Categories: EuropeSpain

In Spain, transparency operation at the Prado: the Madrid museum wants to identify its looted works

In Madrid, the Prado Museum is embarking on a “transparency operation”. He wants to draw up a list of his works of art looted during the civil war.

The main building of the Prado in Madrid (Spain). (ROSINE MAZIN / MAZIN ROSINE)

The Prado wants to know precisely which paintings from its collection were seized as spoils of war during the Civil War or Franco’s dictatorship, between 1936 and 1975. It undertakes to then return them to their owners – provided of course that they are identified.

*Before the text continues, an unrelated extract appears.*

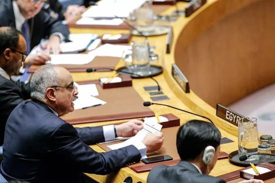 12月18日,在紐約聯合國總部,埃及常駐聯合國代表阿布勒阿塔出席安理會會議。新華社/法新 特朗普本月6日宣佈承認耶路撒冷為以色列首都,並將啓動美駐以使館從特拉維夫遷往耶路撒冷的進程。此舉遭國際社會普遍反對,擁有57個成員國的伊斯蘭合作組織13日宣佈,承認東耶路撒冷為巴勒斯坦國首都,同時宣稱美國的決定“無效”。土耳其總統埃爾多安17日表示,土方將在東耶路撒冷開設駐巴勒斯坦國大使館。
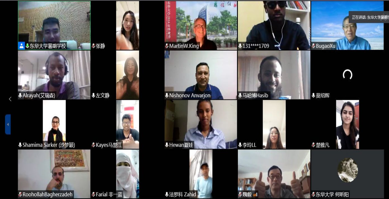 美国北卡罗来纳州立大学Martin W. King(金马汀)教授、英国365集团公司特聘教授魏毅作为教师代表通过云端发言,他们祝贺2020年上海“纺织”研究生国际暑期公司顺利开学,并表示将以严谨、负责任的态度认真做好暑期公司的授课。

The museum, one of the most important in the world, published on Tuesday September 20 an initial list of 25 works (23 paintings, a fruit bowl and an old clock) which it now knows have been confiscated by the regime. Francoist. And then the list grew: 62 parts in total are concerned.

These are not exceptional works, but there are still paintings by François Boucher, French master of 18th century Rococo art, a snowy landscape by Brueghel the Younger, or portraits by the Spanish impressionist Sorolla. Most of the time, the origin of these tables is still unclear, we will have to investigate.

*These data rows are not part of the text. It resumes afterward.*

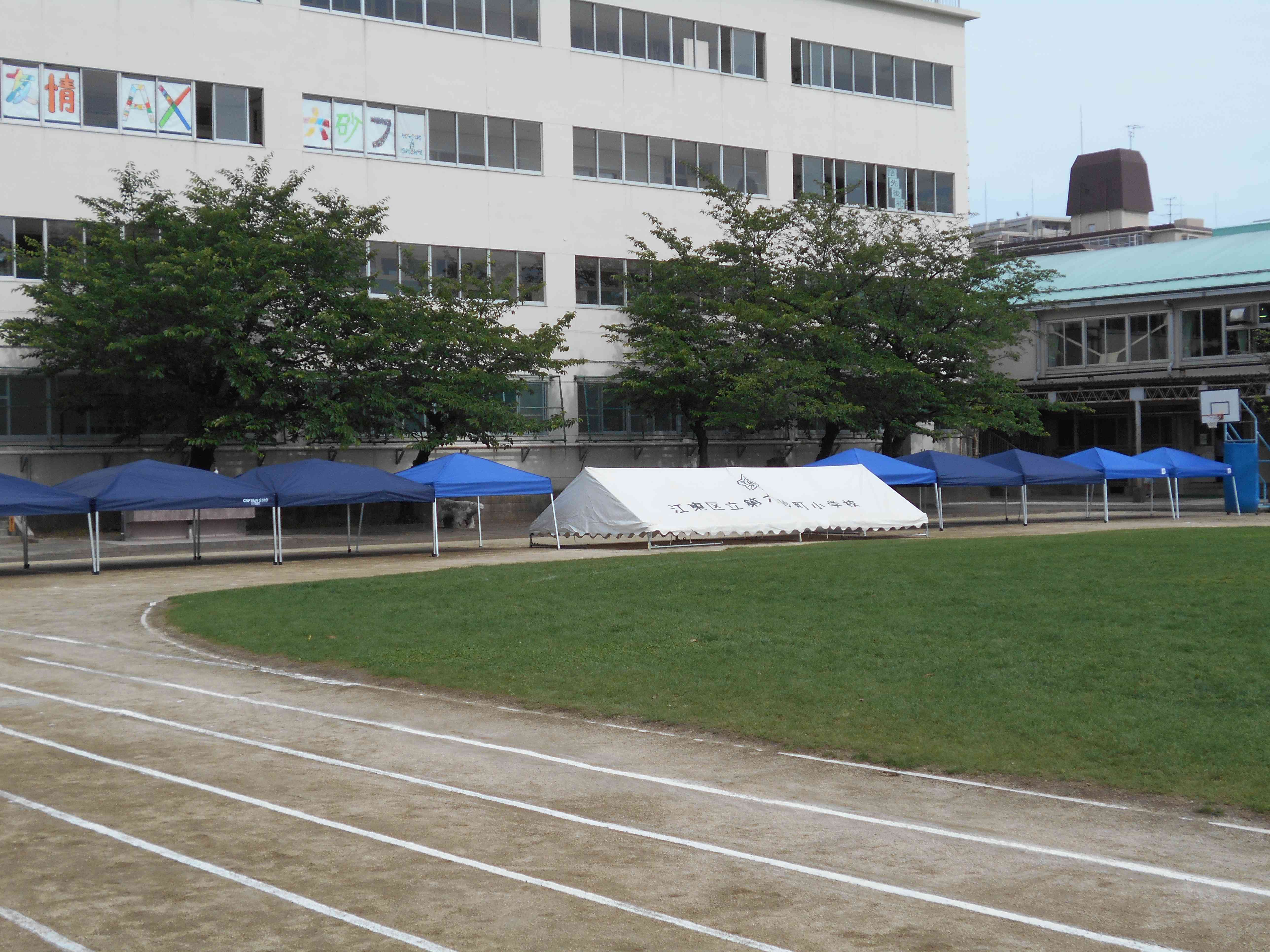 明日は暑くなりそうなので、児童席にテントを設置しました。スポフェスの準備は、明日の朝にテントを上げて、放送機器の準備をするだけです。 子供たちは、いつもより早く寝て、明日に備えましょう。 保護者の方は、明日の来校の際に必ずチケットをお持ちください。また、熱中症を防ぐために、水筒や帽子、保冷剤や冷却タオルを用意するなどの対策をお願いします。 明日は楽しく、思い出に残る1日にしましょう。
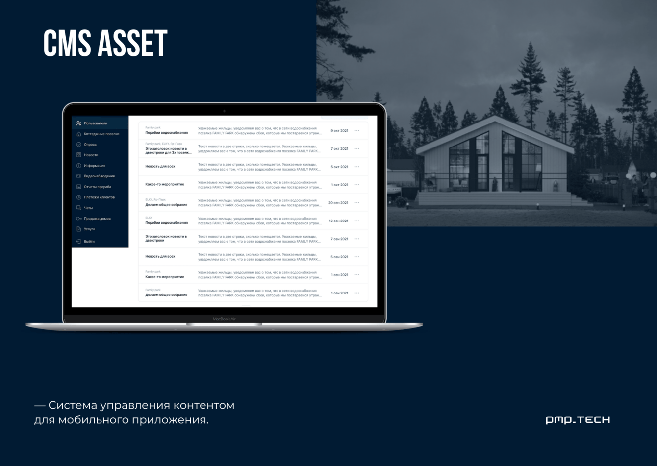 1. Актуальные новости и мероприятия по конкретному коттеджному посёлку;
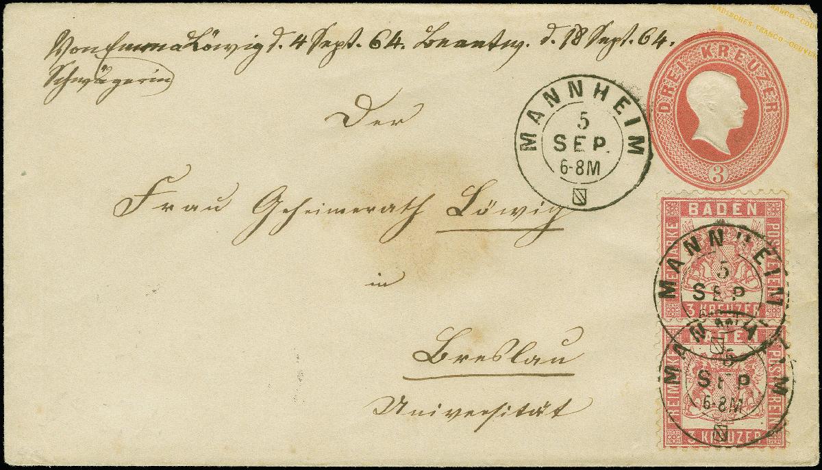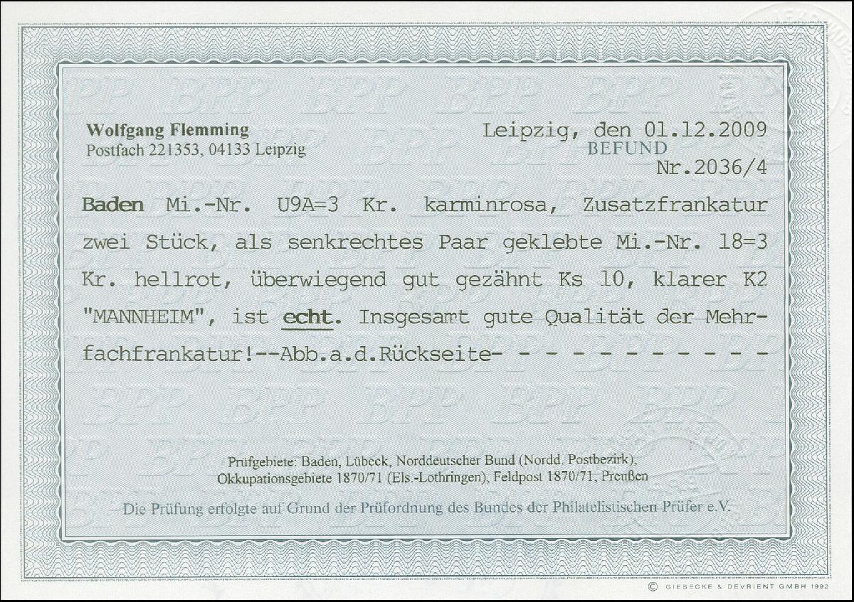 | Zusatzinformationen und Suchstichworte: | Heinrich Köhler 384. Auktion 19./20., 23. - 28. September 2024 Los 3944 Altdeutschland Baden 3 Kr. rosa, 2 Einzelstücke mit sauber auf- und nebengesetztem DKr. "MANNHEIM 5 SEP." als Zufrankatur auf Ganzsachenumschlag 1862, 3 Kr. rosa, nach Breslau. Einwandfrei und sehr attraktiv. Fotobefund Flemming BPP (2009) Ausruf 100,00 EUR |

Three months to investigate

For this, the Prado has set up a team of researchers led by a heritage expert specializing in the Civil War, Arturo Colorado. They have three months to delve into the archives and submit their report. Difficult task as the course of the works is opaque: many were given to the museum by the “General Commission for National Artistic Heritage” created by Franco, which sometimes got them from another museum, which itself got them from the Commission of seized, which had itself been used illegally in private collections.

Example: One of the mayors of Madrid, Pedro Rico, fled Spain during the war. The Republic has decided to protect its artistic heritage from the bombardments by hiding it in warehouses, to return it once the war is over. But the Francoists, winners of the conflicts, did not return all the works. Some of the works ended up in the Museum of Fine Arts of Asturias and the Prado Museum.

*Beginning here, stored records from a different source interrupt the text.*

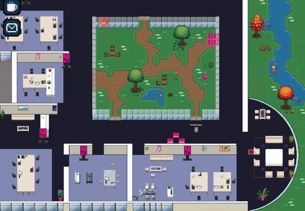Les espaces virtuels de Veepee Quest mixent salles de réunion et zones d’échanges informels (jardin, cafétaria, salon, etc.). Dans ces dernières, les utilisateurs peuvent discuter à deux voire trois personnes, par visioconférence ou messagerie instantanée.
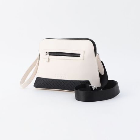 型押し合皮の切り替えがスタイリッシュな印象のショルダーバッグ。手首を通して持ち運べるハンドストラップも付属し、クラッチバッグとしても使用できる2WAY仕様です。フロント底部に刻印したブランドロゴをアクセントに、モードな装いを演出するトレンド感溢れる逸品です。
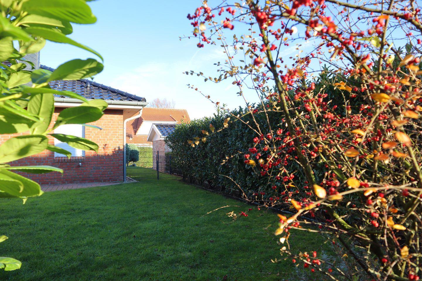 Der eingezäunte Garten ist ein echtes Highlight. Hier können Kinder und Hunde sicher spielen, während Sie auf der sonnigen Süd-Terrasse entspannen oder den Grill anwerfen. Fahrräder und Strandutensilien finden Platz im praktischen Gartenhaus, und ein Bollerwagen macht Ausflüge noch unkomplizierter.
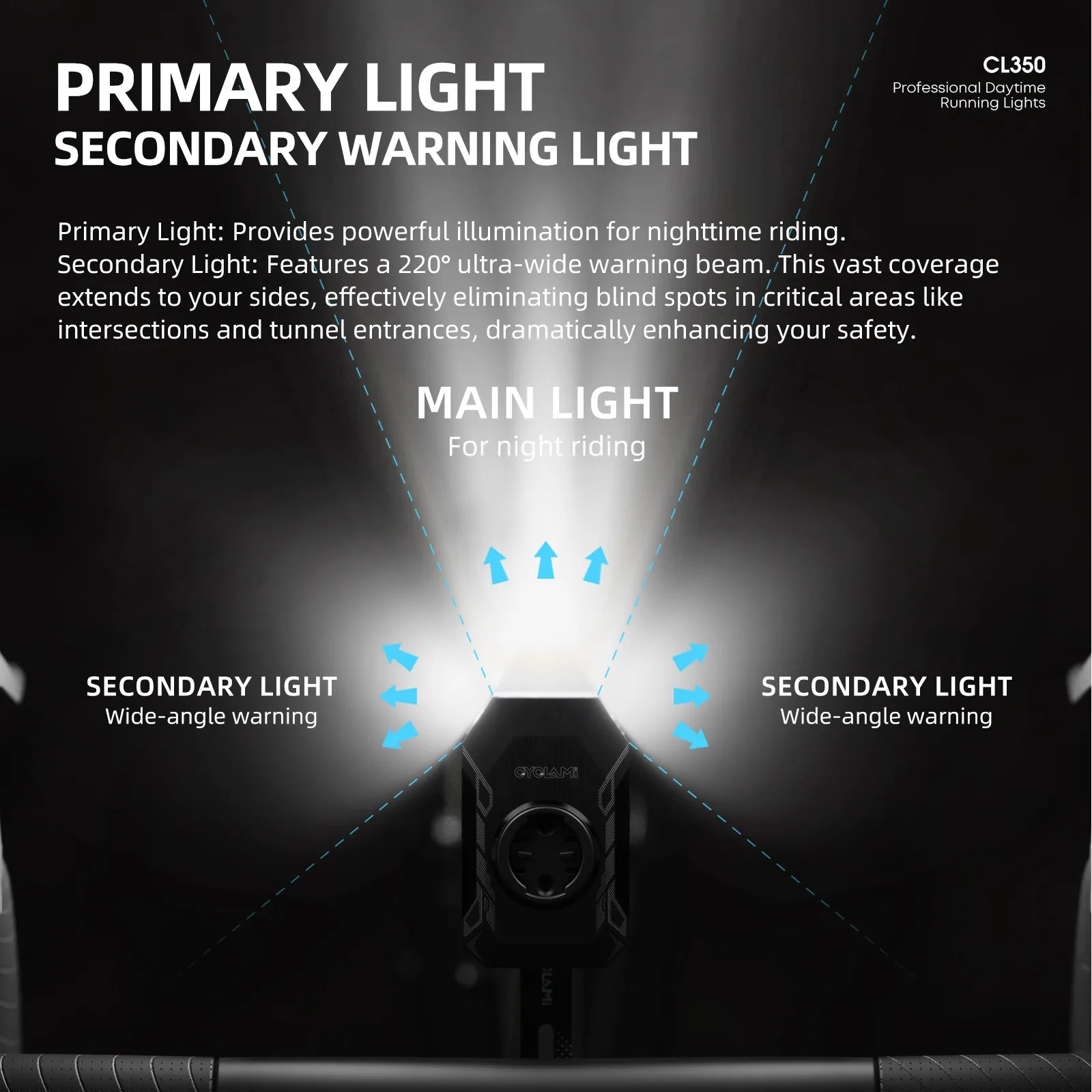Faro per Bicicletta CYCLAMI CL350 Compatibile con Garmin XOSS IGPSPORT Magene GPS, Lampada Frontale Ricaricabile 4000mAh con Adattatore Gopro
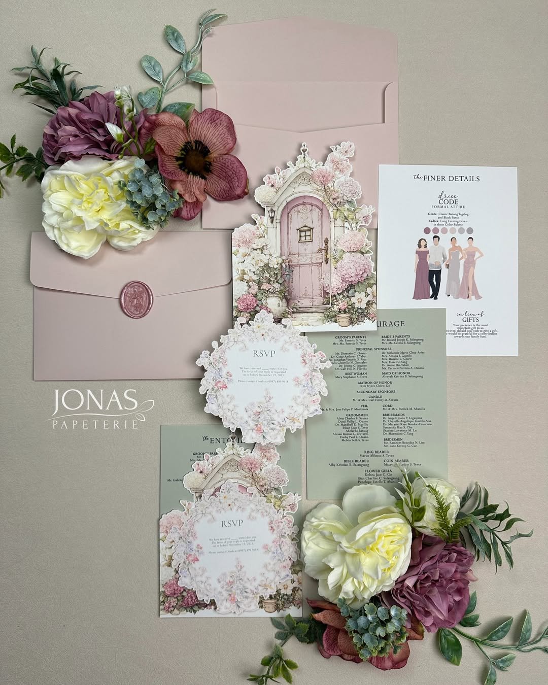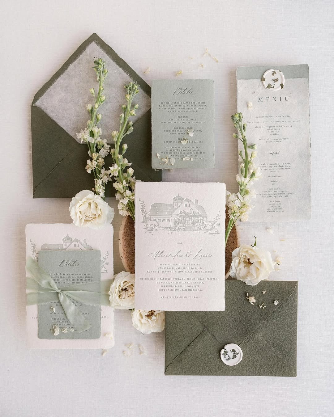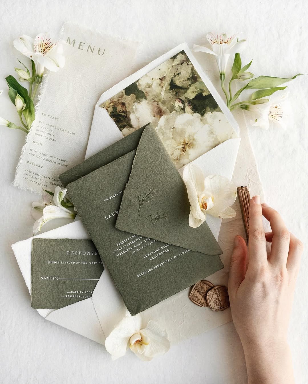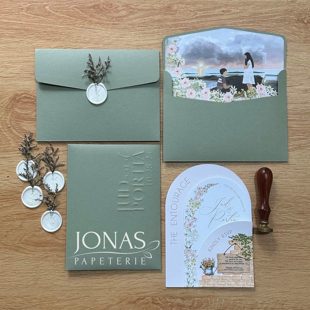 For those who favor a wilder kind of beauty, this olive-toned suite is effortlessly poetic. The deep green envelopes with blind embossing create a rich base, while ivory blooms and painterly liners soften the palette.

It has not been very long since Spain has been trying to shed light on the seizure of its works of art during the war. During the transition, several laws were passed for the restitution of real estate, but the works of art remained in limbo.

Information available online

Since 2017, however, all the information collected little by little has been put online, accessible to the general public and to historians, as much to find the works that have been taken abroad as those that have remained in Spain.

At the beginning of September in Bilbao two paintings were returned to a family of the shipowner and Basque nationalist Ramón de la Sota, two works seized by the Franco regime, after one of his heirs had come across them by chance four years earlier in a exhibition at the Parador de Almagro. It was a Goya and a painting by El Greco, which are now exhibited in public institutions.

 

It was a first. The government wants there to be more. The Minister of Culture has also asked all national museums to carry out research work similar to that of the Prado to clarify the origin of “works which now belong to the State”, to launch restitution procedures and “righting the injustices of the past”.